Process Mining for Dummies (part 3)

In the third and final part of this series, I would like to introduce you to the three known forms of process mining and to highlight some of the challenges of this discipline. While Process Mining may sound very comfortable and easy to implement, if the solutions are not fully, or at least partially automated, challenges may arise quickly.

This blog series on Process Mining is about:

1. Event logs and mining procedure
2. Process Mining algorithms
3. Types of Process Mining and challenges

You may only know the Discovery as space-shuttle of the NASA, that Conformance has something to do with accordance and Enhancement means something like improvement, right?

If this sounds familiar to you, or you are just searching for uniform explanations of the terms, than this blog post is definately written for you. What Discovery, Conformance and Enhancement have to do with Process Mining can be read in what follows.

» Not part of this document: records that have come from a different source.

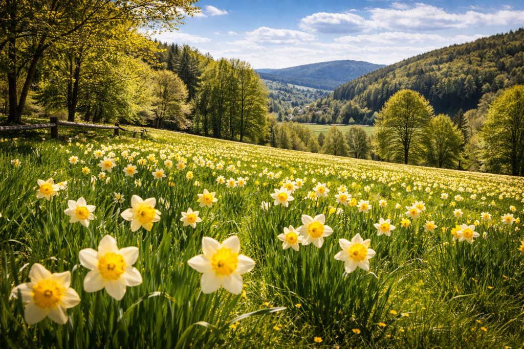 Jedes Frühjahr verwandeln tausende wilde Narzissen die Täler bei Monschau-Höfen in ein gelb blühendes Naturmeer. Gut ausgeschilderte Rundwege führen durch Wiesen und Bachlandschaften, besonders eindrucksvoll zur Blütezeit im April. Ruhiges Naturerlebnis, ideal zum Spazieren und Fotografieren.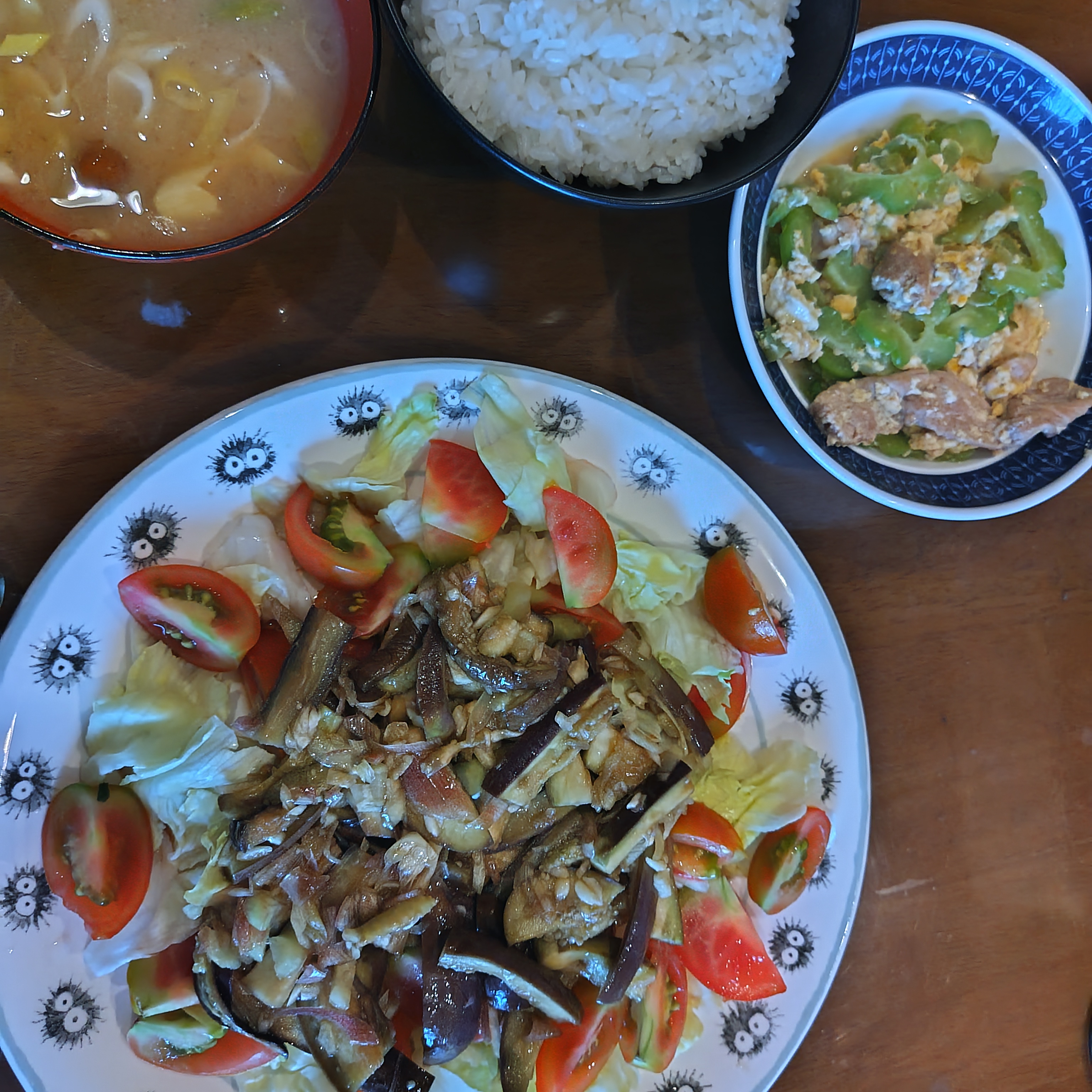 畑で取れたてのゴーヤとトマトと茄子をいただいたので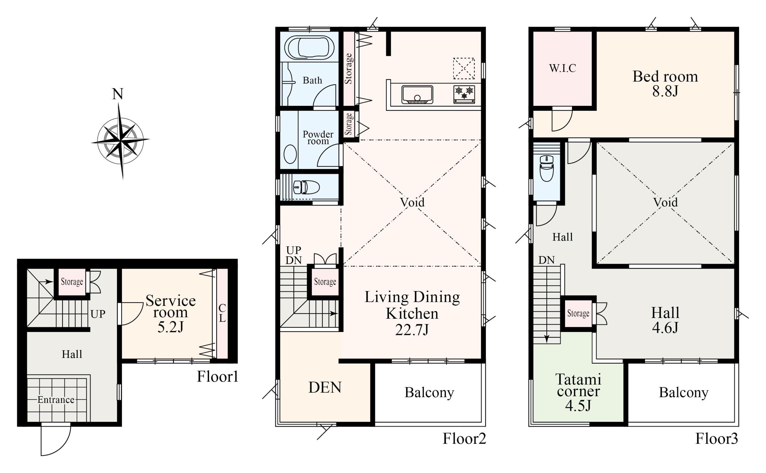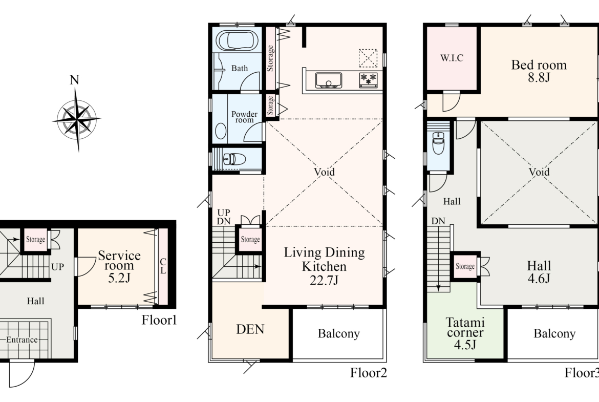 間取り:2LDK+2S(LDK22.7帖 / 主寝室8.8帖 / 1階居室5.2帖 / 畳ルーム4.5帖 / 2階ホール4.6帖 / 書斎)

Process Discovery and Enhancement

A major area of application for process mining is the discovery of formerly unknown process models for the purpose of analysis or optimization. Business process reengineering and the implementation of ERP systems in organizations gained strong attention starting in the 1990s. Practitioners have since primarily focused on designing and implementing processes and getting them to work. With maturing integration of information systems into the execution of business processes and the evolution of new technical possibilities the focus is shifting to analysis and optimization.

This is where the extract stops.